Required work → Please output every line of the material as it stands, without the pictures.

Data for this task →
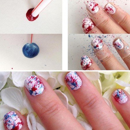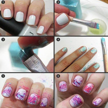 Lo primero que demos hacer es colocar una base de esmalte de uña en color blanco y dejarlo secar muy bien, luego dejamos caer gotas de varios colores sobre las uñas en blanco con una pajita que utilizamos para tomar sodas, esto lo debes hacer soplando por uno de los extremos de la pajita, y el resultado será asombroso
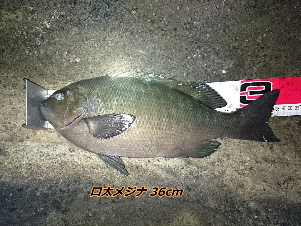 ■釣果:口太メジナ38cm860g、36cm、35cm、34cm(メジナ合計13匹)、マアジ32cm×1匹、メバル×3匹、ウミタナゴ×5匹、クサフグ×16匹、ドンコ×1匹、アイゴ35cm×1匹(全釣果)
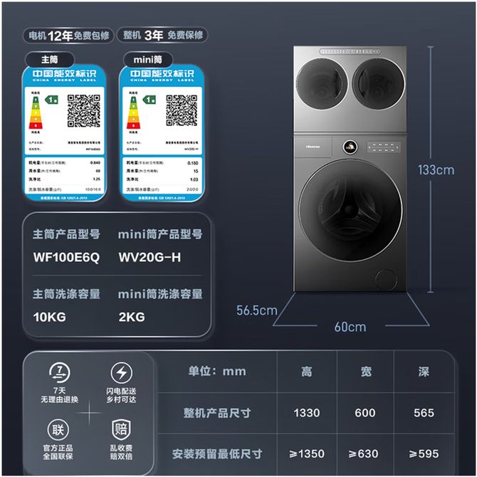 海信/Hisense 棉花糖Ultra全家筒三筒洗衣机 3洗2烘 活水健康 三桶自由组合 懒人0手洗 WF100E6Q+WV20G-H 3洗两烘分区洗 三直驱+八轴减震 99.99%除菌率 10KG洗衣机 1KG洗烘一体机 1KG洗烘一体机 兑换价格 347800 里程 会员卡别 终身白金卡 白金卡 金卡 银卡 普通卡 儿童卡 服务 由 存悦商贸 发货并提供售后 洗衣机容量: 10kg 洗衣机产品类型: 滚筒 颜色: 其他 购买数量: 件 库存件 配送地址: 立即购买 加入购物车 成功添加到购物车 关闭 购物车共有 种商品 总金额为:
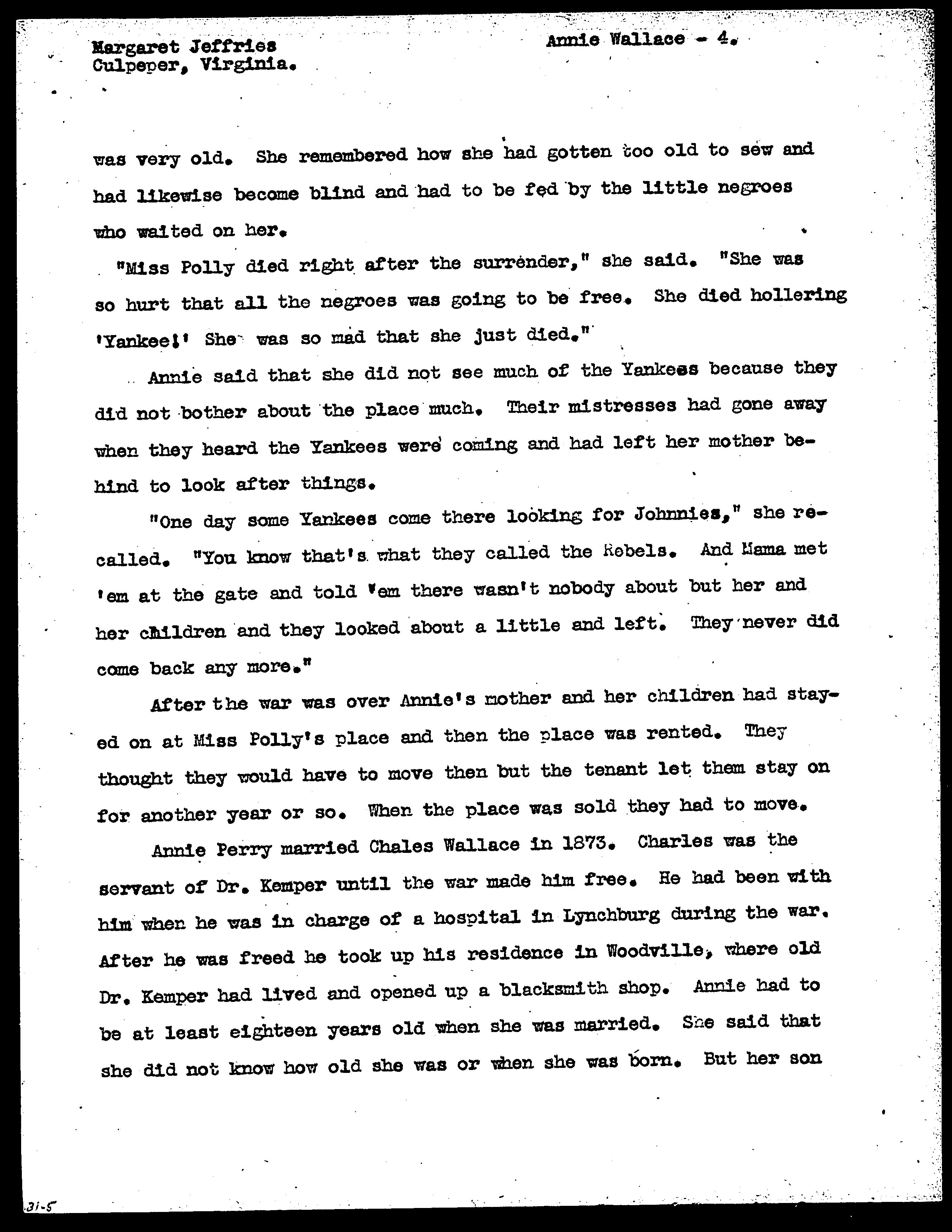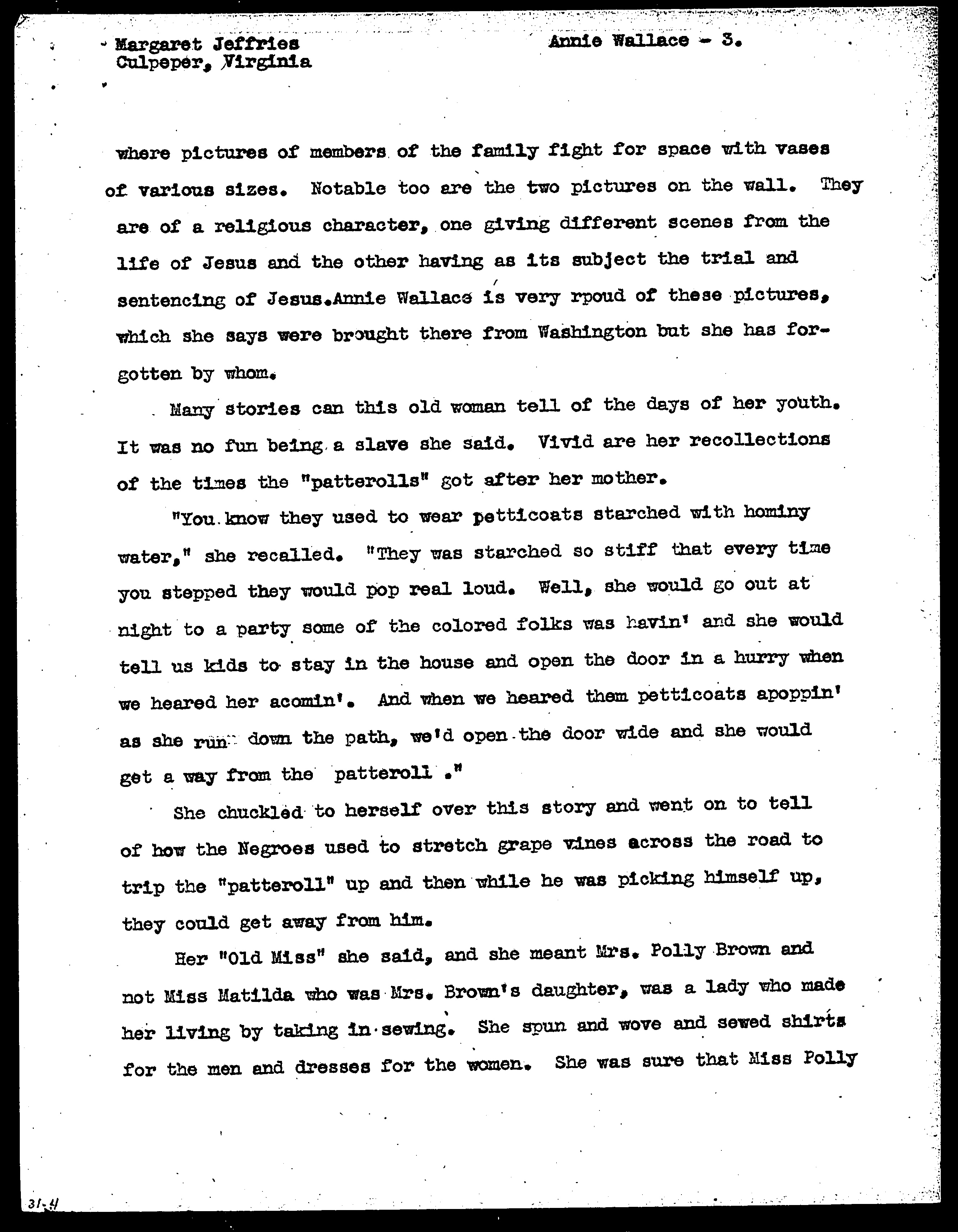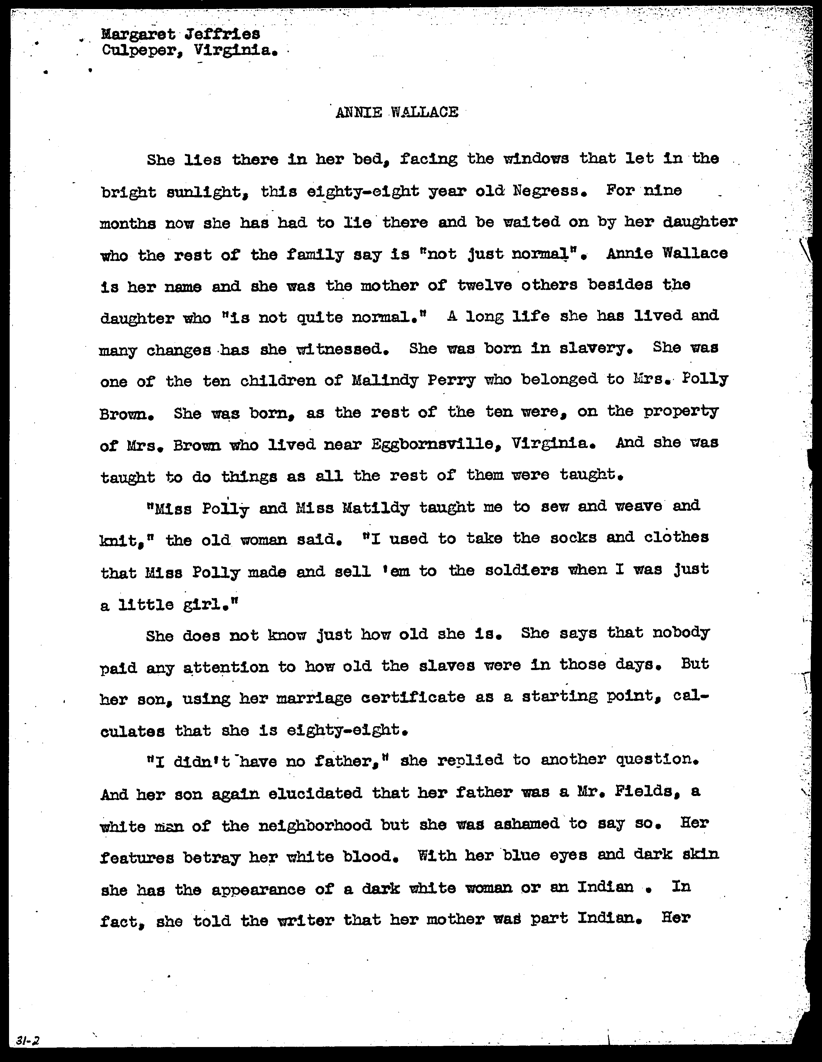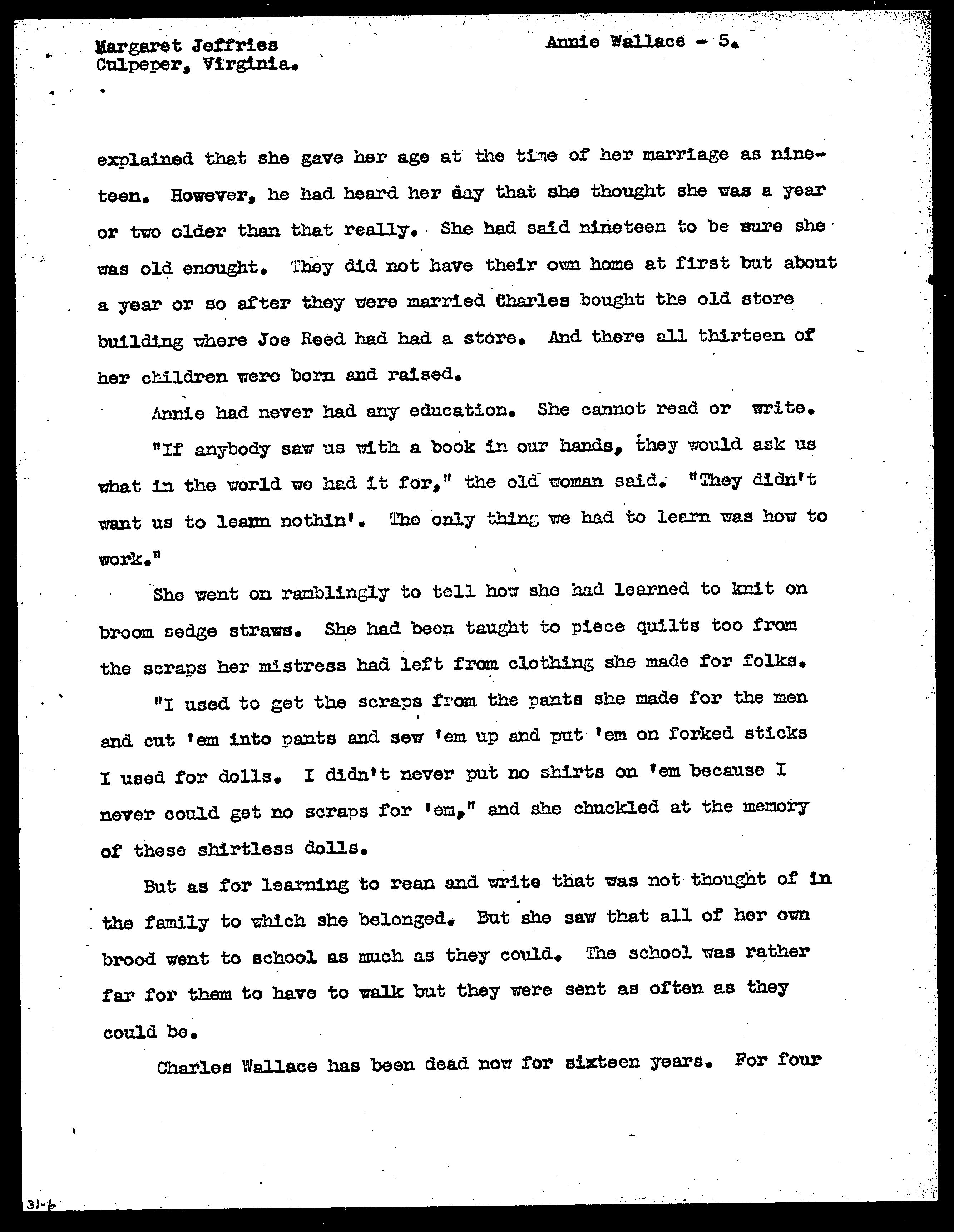 Annie Wallace Life History (WPA, Virginia Writers' Project)
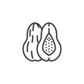 Ikona linii owoców awokado. liniowy znak stylu dla mobilnej koncepcji i projektowania stron internetowych. Zmniejszona o połowę ikona wektora awokado. Symbol, ilustracja logo. Grafika wektorowa
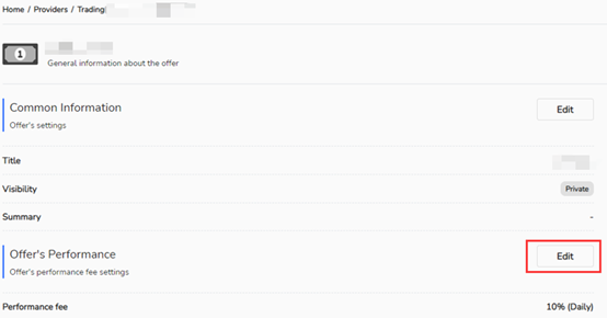 لا يمكن للمزودين تعديل العروض إلا بدون أي متابعين نشطين. لتعديل العروض، قم بتسجيل الدخول إلى بوابة VTrade، وانتقل إلى صفحة العرض وانقر على """"تعديل"""" بجوار حقل """"عمولة مزود الاستراتيجية"""". إذا لم يكن هناك متابعون مشتركون في العرض، فيمكن تعديله.
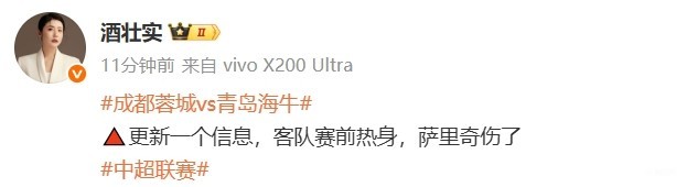 媒体人“酒壮实”透露:今天青岛海牛队赛前热身时,中场外援萨里奇受伤了。
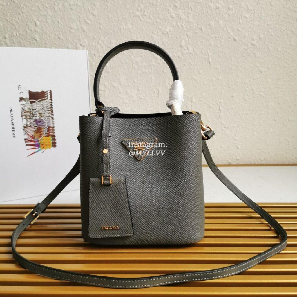 Top Quality Version:MYLLVV » Prada Grey Small Saffiano Leather Prada Panier Bag 1BA217
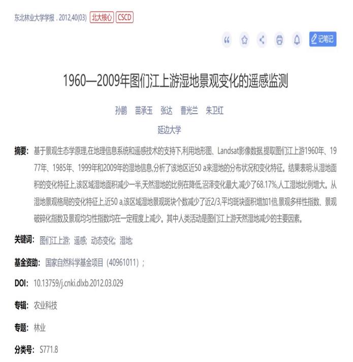 1960-2009 年图们江上游湿地景观变化的遥感监测》
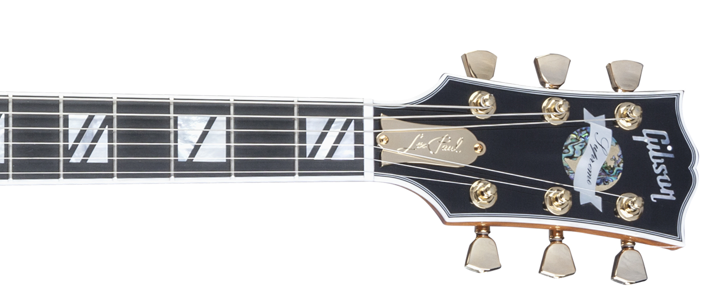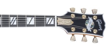 - Black headstock with Gibson logo and pearl Supreme decal, « Les Paul » engraved truss rod, multiply binding
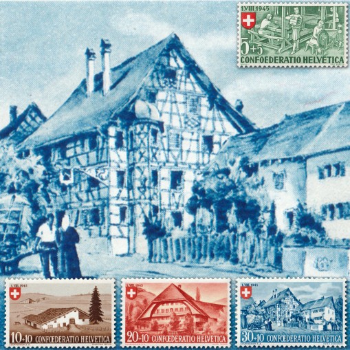 Na znaczkach widnieją tkacze w fabryce jedwabiu oraz tradycyjne domy wiejskie z rejonów Jury i doliny rzeki Emmen oraz drewniany dom ze wschodniej Szwajcarii.
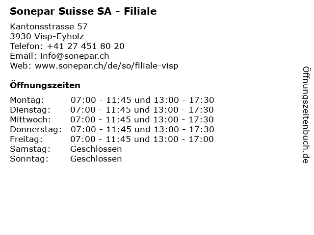 Sonepar Suisse SA - Filiale in Visp-Eyholz | Telefonnummer, Öffnungszeiten und Adresse

Answer to this task →
 Lo primero que demos hacer es colocar una base de esmalte de uña en color blanco y dejarlo secar muy bien, luego dejamos caer gotas de varios colores sobre las uñas en blanco con una pajita que utilizamos para tomar sodas, esto lo debes hacer soplando por uno de los extremos de la pajita, y el resultado será asombroso
 ■釣果:口太メジナ38cm860g、36cm、35cm、34cm(メジナ合計13匹)、マアジ32cm×1匹、メバル×3匹、ウミタナゴ×5匹、クサフグ×16匹、ドンコ×1匹、アイゴ35cm×1匹(全釣果)
 海信/Hisense 棉花糖Ultra全家筒三筒洗衣机 3洗2烘 活水健康 三桶自由组合 懒人0手洗 WF100E6Q+WV20G-H 3洗两烘分区洗 三直驱+八轴减震 99.99%除菌率 10KG洗衣机 1KG洗烘一体机 1KG洗烘一体机 兑换价格 347800 里程 会员卡别 终身白金卡 白金卡 金卡 银卡 普通卡 儿童卡 服务 由 存悦商贸 发货并提供售后 洗衣机容量: 10kg 洗衣机产品类型: 滚筒 颜色: 其他 购买数量: 件 库存件 配送地址: 立即购买 加入购物车 成功添加到购物车 关闭 购物车共有 种商品 总金额为:
 Annie Wallace Life History (WPA, Virginia Writers' Project)
 Ikona linii owoców awokado. liniowy znak stylu dla mobilnej koncepcji i projektowania stron internetowych. Zmniejszona o połowę ikona wektora awokado. Symbol, ilustracja logo. Grafika wektorowa
 لا يمكن للمزودين تعديل العروض إلا بدون أي متابعين نشطين. لتعديل العروض، قم بتسجيل الدخول إلى بوابة VTrade، وانتقل إلى صفحة العرض وانقر على """"تعديل"""" بجوار حقل """"عمولة مزود الاستراتيجية"""". إذا لم يكن هناك متابعون مشتركون في العرض، فيمكن تعديله.
 媒体人“酒壮实”透露:今天青岛海牛队赛前热身时,中场外援萨里奇受伤了。
 Top Quality Version:MYLLVV » Prada Grey Small Saffiano Leather Prada Panier Bag 1BA217
 1960-2009 年图们江上游湿地景观变化的遥感监测》
 - Black headstock with Gibson logo and pearl Supreme decal, « Les Paul » engraved truss rod, multiply binding
 Na znaczkach widnieją tkacze w fabryce jedwabiu oraz tradycyjne domy wiejskie z rejonów Jury i doliny rzeki Emmen oraz drewniany dom ze wschodniej Szwajcarii.
 Sonepar Suisse SA - Filiale in Visp-Eyholz | Telefonnummer, Öffnungszeiten und Adresse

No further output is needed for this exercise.